**EXERCISE DETAILS**
Everything in the records below from the line containing "Sexy Green Sheath" through the line containing "- Abflussdurchmesser: 52 mm" is to be reproduced exactly, those two lines included; no picture is to be copied.

**EXTRACTED MATERIAL**
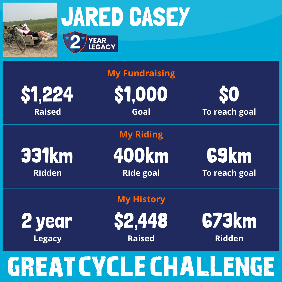 331 km Ridden$1,224 Raised2026
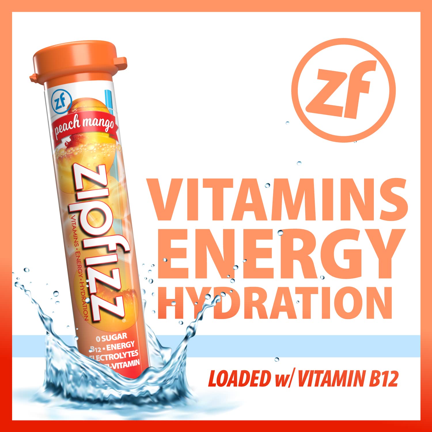 Zipfizz Energy Drink Mix, Electrolyte Hydration Powder with B12 and Multi Vitamin, Peach Mango (20 Pack)
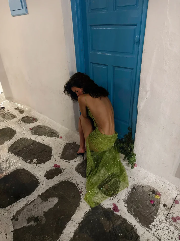 Sexy Green Sheath Spaghetti Strap Beaded Tulle Prom Dress Evening Dress with Slit
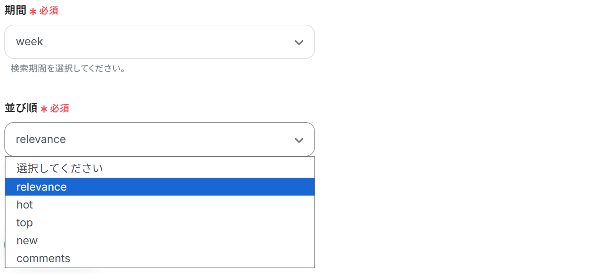 今回は、キーワードと関連性の高い投稿を優先するため関連度順にしました。
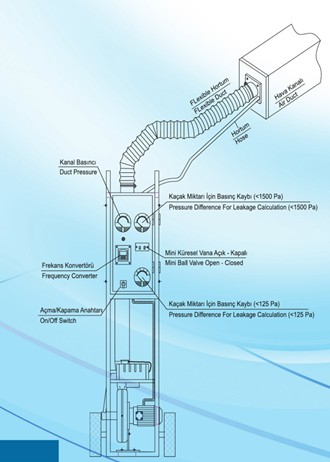 Şema(1)daki gibi ilk olarak test cihazı 2 tarafıda körlenmiş hava kanalının tek tarafına flexible hava kanalıyla ile hava kanalına bağlanır. Kaçak miktarını geri dönüşünü öğrenmek için test cihazından gelen hortum kanala bağlanır. Frekans Konvektöründen istenilen kanal basıncına kadar cihazın Hz yükseltilir. Uygulama alanı ve proje hesabına uygun olarak kanal basıncı ayarlanır. Kaçak miktarı için basınç kaybı(<1500 Pa) manometresinde okuduğumuz değer formüllerde Qkaçak bulmamıza yardımcı olacaktır. Kaçak miktarında okuduğumuz değer 125 Pa altında kalıyorsa mini küresel vana açılır ve Kaçak miktarı için basınç kaybı (<125Pa) manometresinden net ve doğru okuma yapılır.
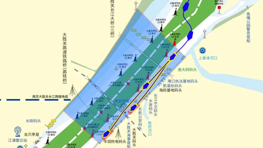 离泊上行:离泊大胜关码头和华润热电厂码头船舶,上行过桥区#7红浮后,择机横越航道进入上行通航分道上行。
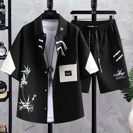 Conjunto deportivo masculino verano: Camisa de manga corta y pantalones cortos estilo chino para el verano
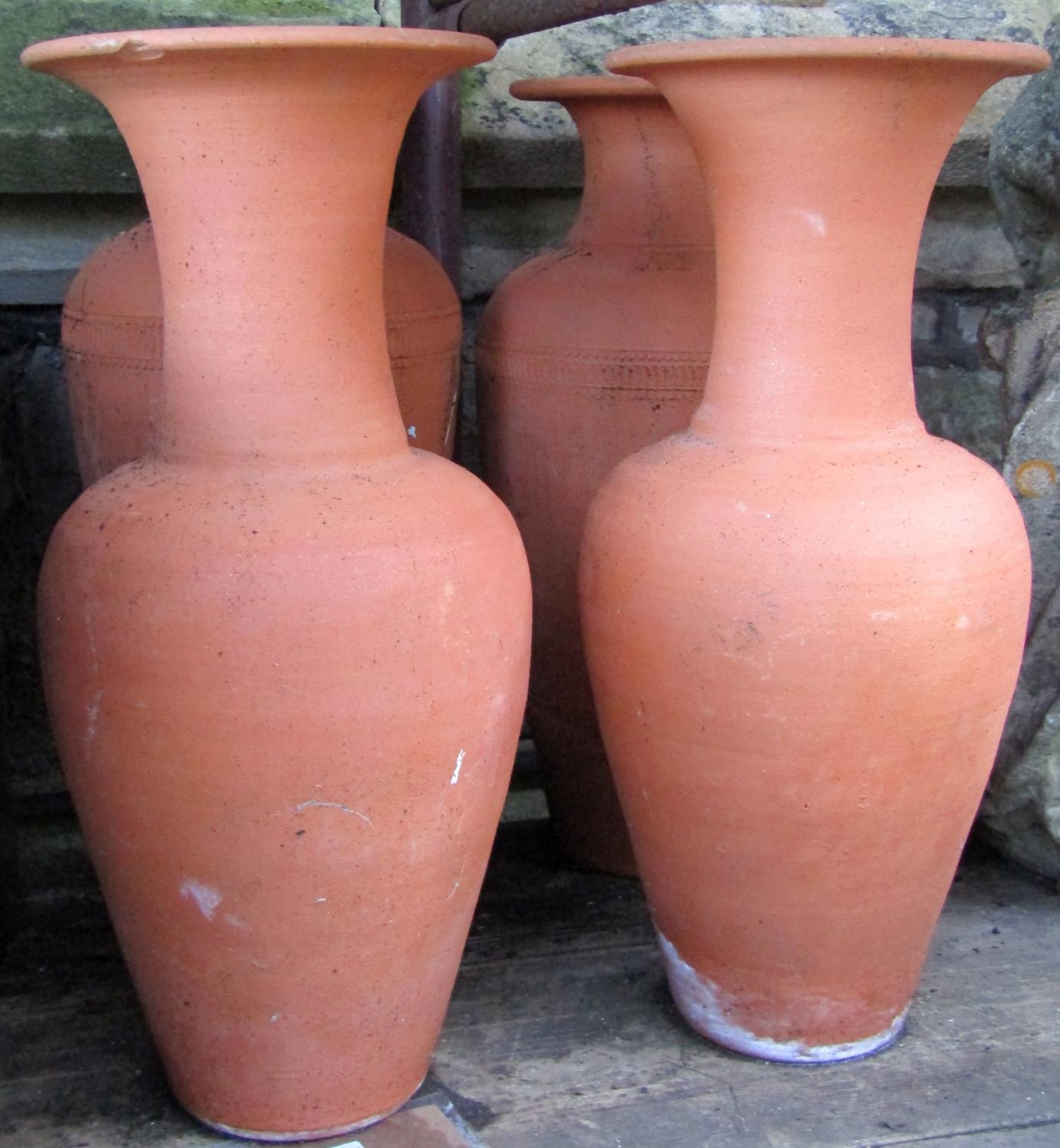 Four (two pairs) of contemporary terracotta vases (varying design), 50 cm high approximately
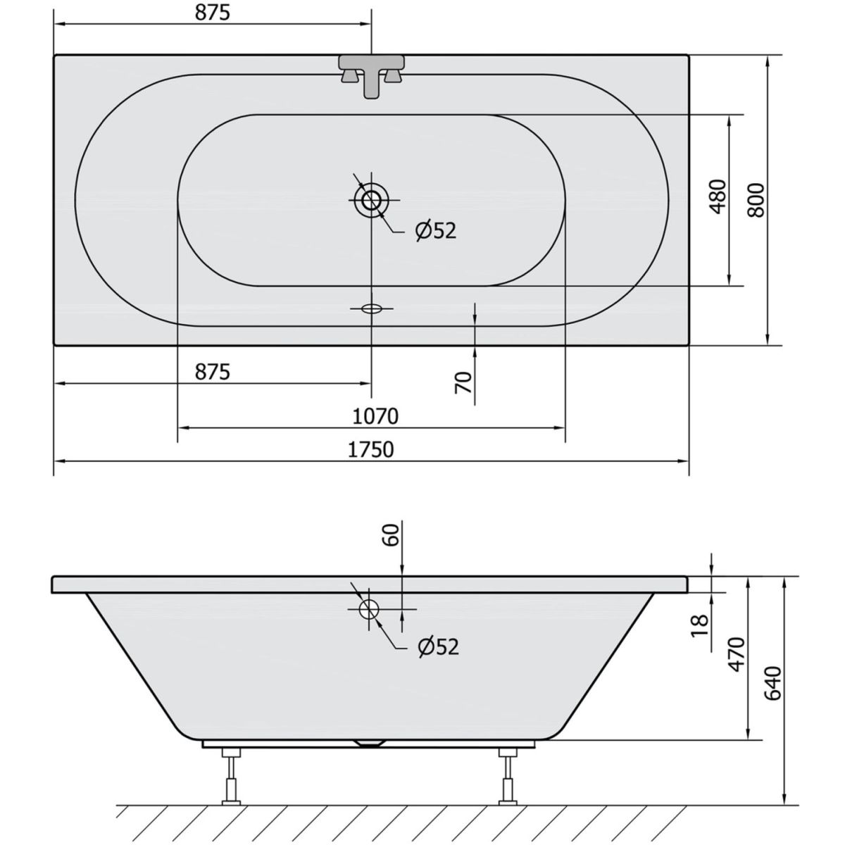 - Abflussdurchmesser: 52 mm
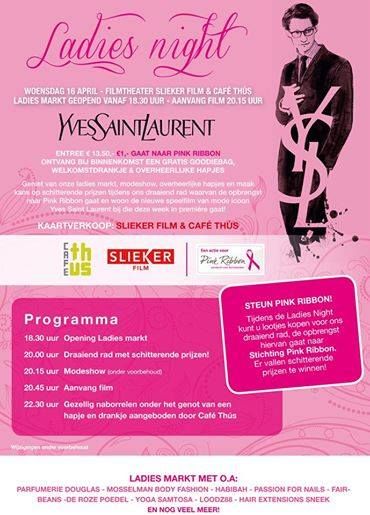 De opbrengst hiervan gaat naar Pink Ribbon. Douglas zal ook groots aanwezig zijn, zij promoten de nieuwe geur van Yves Saint Laurent. En daarnaast krijgt iedere bezoeker een mooie goodiebag. Verder gaat de film van groots mode ontwerpen Yves Saint Laurent in primeure bij Filmhuis Slieker gevestigd in het Fries Museum, hier mag de bezoeker ook naar toe. Kort om het wordt een super leuke avond!”
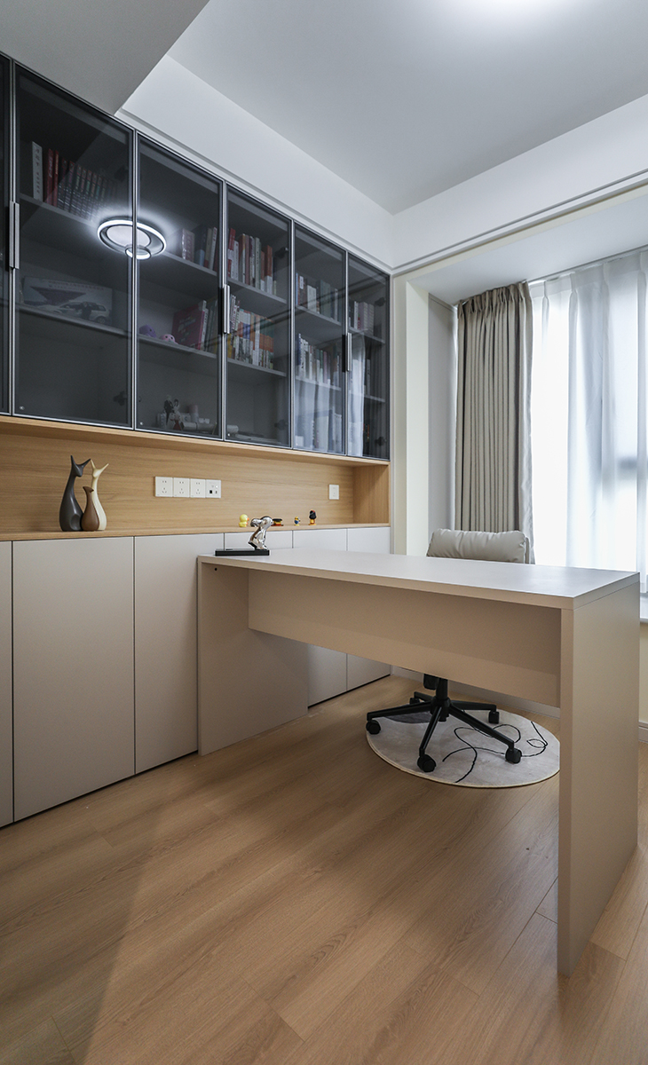 書房上面采用灰玻,中間鏤空放置打印機等小電器,可移動式書桌給整個空間增加了更多的活動可能性,閱讀累了坐在飄窗上喝喝茶看看風景。

**ANSWER BOX**
 Sexy Green Sheath Spaghetti Strap Beaded Tulle Prom Dress Evening Dress with Slit
 今回は、キーワードと関連性の高い投稿を優先するため関連度順にしました。
 Şema(1)daki gibi ilk olarak test cihazı 2 tarafıda körlenmiş hava kanalının tek tarafına flexible hava kanalıyla ile hava kanalına bağlanır. Kaçak miktarını geri dönüşünü öğrenmek için test cihazından gelen hortum kanala bağlanır. Frekans Konvektöründen istenilen kanal basıncına kadar cihazın Hz yükseltilir. Uygulama alanı ve proje hesabına uygun olarak kanal basıncı ayarlanır. Kaçak miktarı için basınç kaybı(<1500 Pa) manometresinde okuduğumuz değer formüllerde Qkaçak bulmamıza yardımcı olacaktır. Kaçak miktarında okuduğumuz değer 125 Pa altında kalıyorsa mini küresel vana açılır ve Kaçak miktarı için basınç kaybı (<125Pa) manometresinden net ve doğru okuma yapılır.
 离泊上行:离泊大胜关码头和华润热电厂码头船舶,上行过桥区#7红浮后,择机横越航道进入上行通航分道上行。
 Conjunto deportivo masculino verano: Camisa de manga corta y pantalones cortos estilo chino para el verano
 Four (two pairs) of contemporary terracotta vases (varying design), 50 cm high approximately
 - Abflussdurchmesser: 52 mm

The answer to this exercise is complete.